The country’s complete ban on terminating a pregnancy was lifted in 2013 after large street protests from both sides of the debate. It is now allowed if a mother’s life is in danger.
Ireland holds a general election on Feb. 26.
In its election manifesto published on Monday, the center-left Labour Party promised a referendum to remove the article in the Irish constitution that gives the unborn child an equal right to life to that of its mother.
It said it would then pass legislation to allow abortion in the event of rape or incest or when doctors deem that the fetus has no chance of survival.
“If Labour is in government, we will ensure that there is a referendum,” Labour leader Joan Burton told journalists, calling it one of three core promises in the party’s manifesto.

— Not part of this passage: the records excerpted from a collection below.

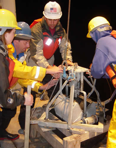 biology undergraduate student) ready the Smith-McIntyre grab sampler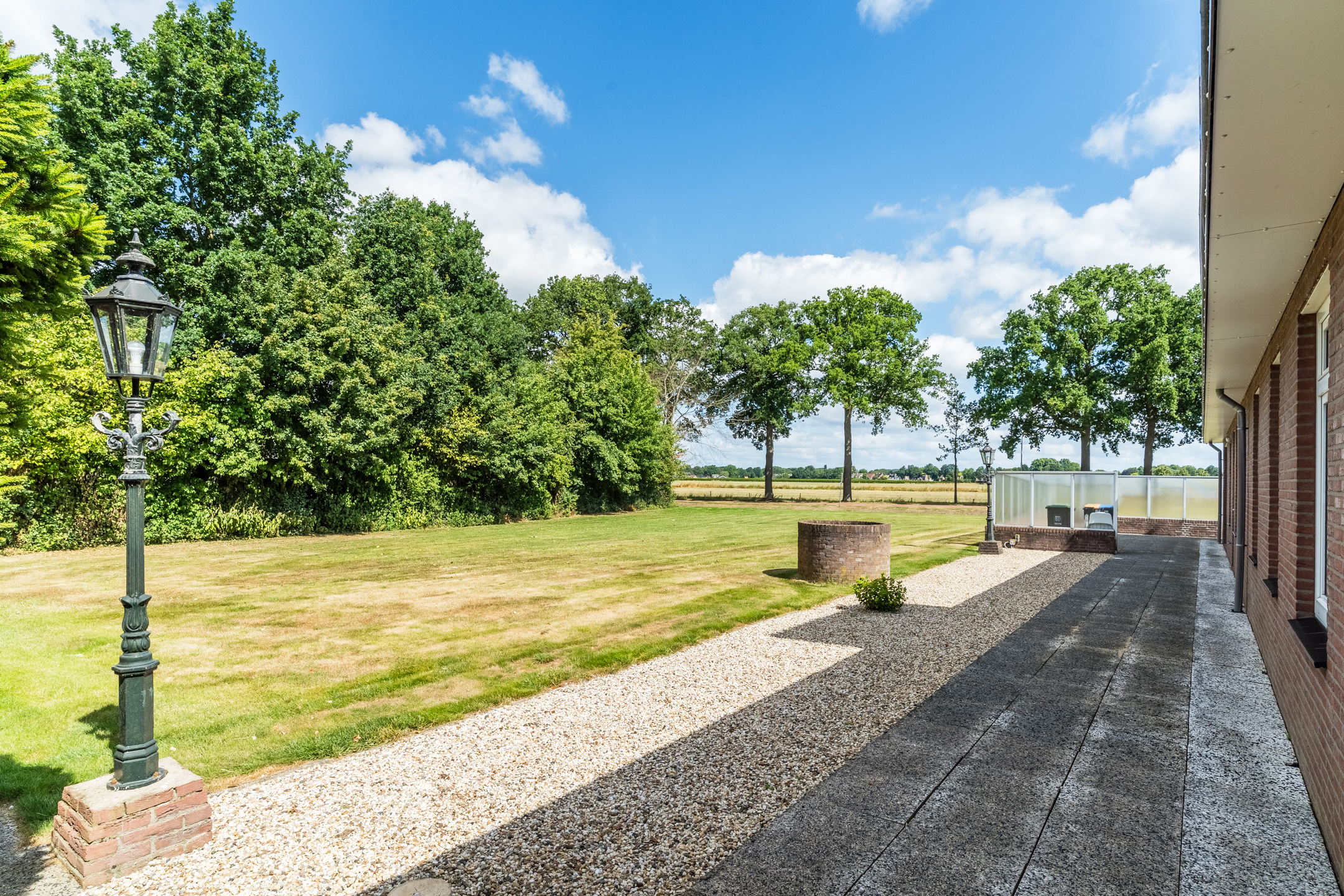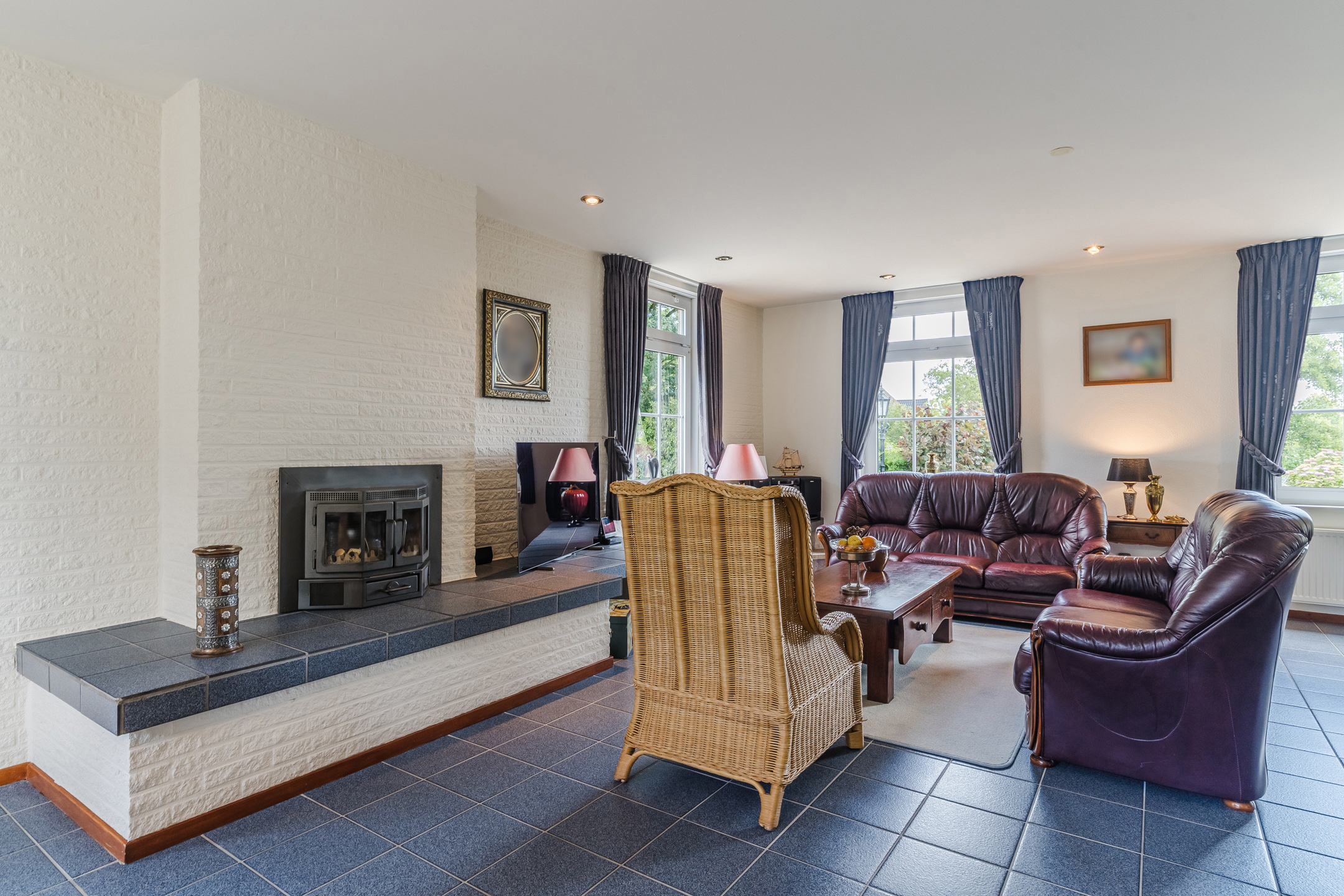 De indeling is royaal en praktisch opgezet, met onder andere zes volwaardige slaapkamers, meerdere badkamers, een inpandige garage, bijkeuken en een ruime bergzolder. De grote raampartijen laten veel daglicht binnen en bieden vanuit vrijwel iedere ruimte een prachtig uitzicht op de omliggende tuin en het groene landschap.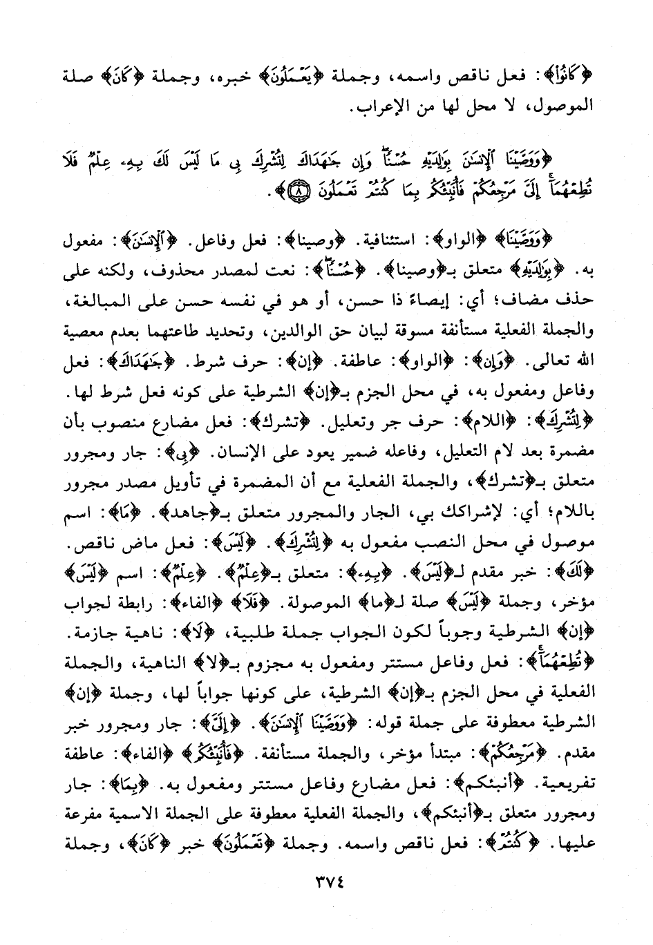 {وَوَصَّيْنَا} {الواو}: استئنافية. {وَصَّيْنَا}: فعل وفاعل. {الْإِنْسَانَ}: مفعول به. {بِوَالِدَيْهِ} متعلق بـ {وَصَّيْنَا}. {حُسْنًا}: نعت لمصدر محذوف، ولكنه على حذف مضاف؛ أي: إيصاءً ذا حسن، أو هو في نفسه حسن على المبالغة، والجملة الفعلية مستأنفة مسوقة لبيان حق الوالدين، وتحديد طاعتهما بعدم معصية الله تعالى. {وَإِنْ}: {الواو}: عاطفة. {إن}: حرف شرط. {جَاهَدَاكَ}: فعل وفاعل ومفعول به، في محل الجزم بـ {إن} الشرطية على كونه فعل شرط لها. {لِتُشْرِكَ}: {اللام}: حرف جر وتعليل. {تُشْرِكَ}: فعل مضارع منصوب بأن مضمرة بعد لام التعليل، وفاعله ضمير يعود على الإنسان. {بِي}: جار ومجرور متعلق بـ {تُشْرِكَ}، والجملة الفعلية مع أن المضمرة في تأويل مصدر مجرور باللام؛ أي: لإشراكك بي، الجار والمجرور متعلق بـ {جَاهَدَ}. {مَا}: اسم موصول في محل النصب مفعول به {لِتُشْرِكَ}. {لَيْسَ}: فعل ماض ناقص. {لَكَ}: خبر مقدم لـ {لَيْسَ}. {بِهِ}: متعلق بـ {عِلْمٌ}. {عِلْمٌ}: اسم {لَيْسَ} مؤخر، وجملة {لَيْسَ} صلة لـ {ما} الموصولة. {فَلَا} {الفاء}: رابطة لجواب {إِنْ} الشرطية وجوبًا لكون الجواب جملة طلبية، {لَا}: ناهية جازمة. {تُطِعْهُمَا}: فعل وفاعل مستتر ومفعول به مجزوم بـ {لَا} الناهية، والجملة الفعلية في محل الجزم بـ {إن} الشرطية، على كونها جوابًا لها، وجملة {إن} الشرطية معطوفة على جملة قوله: {وَوَصَّيْنَا الْإِنْسَانَ}. {إِلَيَّ}: جار ومجرور خبر مقدم. {مَرْجِعُكُمْ}: مبتدأ مؤخر، والجملة مستأنفة. {فَأُنَبِّئُكُمْ} {الفاء}: عاطفة تفريعية. {أُنَبِّئُكُمْ}: فعل مضارع وفاعل مستتر ومفعول به. {بِمَا}: جار وجرور متعلق بـ {أُنَبِّئُكُم}، والجملة الفعلية معطوفة على الجملة الاسمية مفرعة عليها. {كُنْتُمْ}: فعل ناقص واسمه. وجملة {تَعْمَلُونَ} خبر {كَان}، وجملة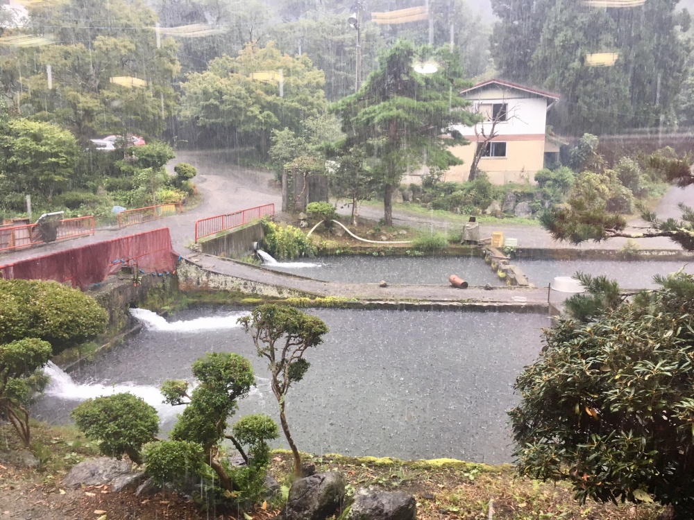 敷地内の生け簀では、たくさんのニジマスが養殖されています。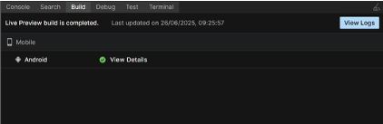 - From the Build tab, click View logs to open the build logs for the build service on your system.
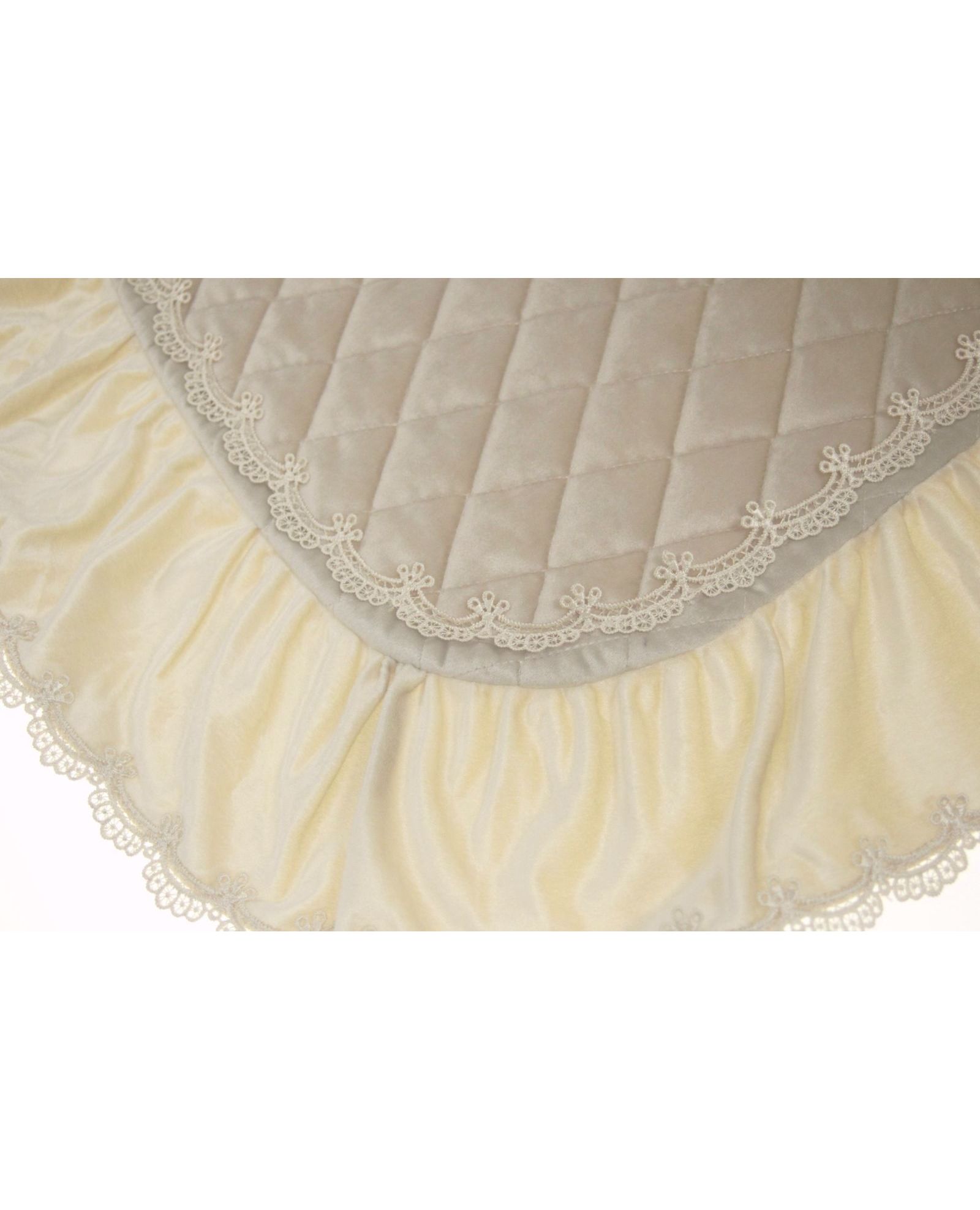 Елегантний комплект на стілець у ніжному бежевому кольорі — чудовий варіант для створення затишної й вишуканої атмосфери в інтер'єрі. Рюші та мереживо додають декоративності, а м’який оксамит приємний на дотик та виглядає стильно. Комплект складається з накидки на спинку та чохла на сидіння.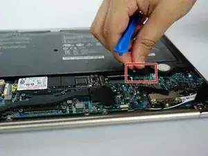 Используйте пластиковый инструмент для вскрытия, чтобы поддеть заднюю панель ноутбука.

Labour and Fine Gael remain short of the support needed to secure re-election, recent polls have suggested, but abortion is a potent issue that could rally Labour’s liberal electorate.
Over 75 percent of Irish voters support abortion in cases of rape, incest or when the fetus would not survive, a poll in January indicated. But only 41 percent said they would support abortion on demand, the Newstalk/Red C poll said.
To hold the referendum, Labour would have to overcome opposition in Fine Gael, which expelled five members of parliament after they defied the leadership to oppose the 2013 referendum.
To avoid a divisive debate in the party, Kenny promised to hold a citizens’ convention to discuss the issue and allow party members a free vote on its recommendations.
Burton said she was “very confident” she could convince the Fine Gael party to agree to a vote, pointing to Labour’s success in legalizing same-sex marriage despite early unease among some Fine Gael voters.
The main opposition parties are divided, with the center-right Fianna Fail ruling out a vote on abortion if it is part of the next government, while left-wing nationalists Sinn Fein have said they will hold a referendum.
The 2013 abortion legislation was adopted following the death of a woman who was not allowed to abort her dying fetus, a controversy that made international headlines, reopening a decades-long debate.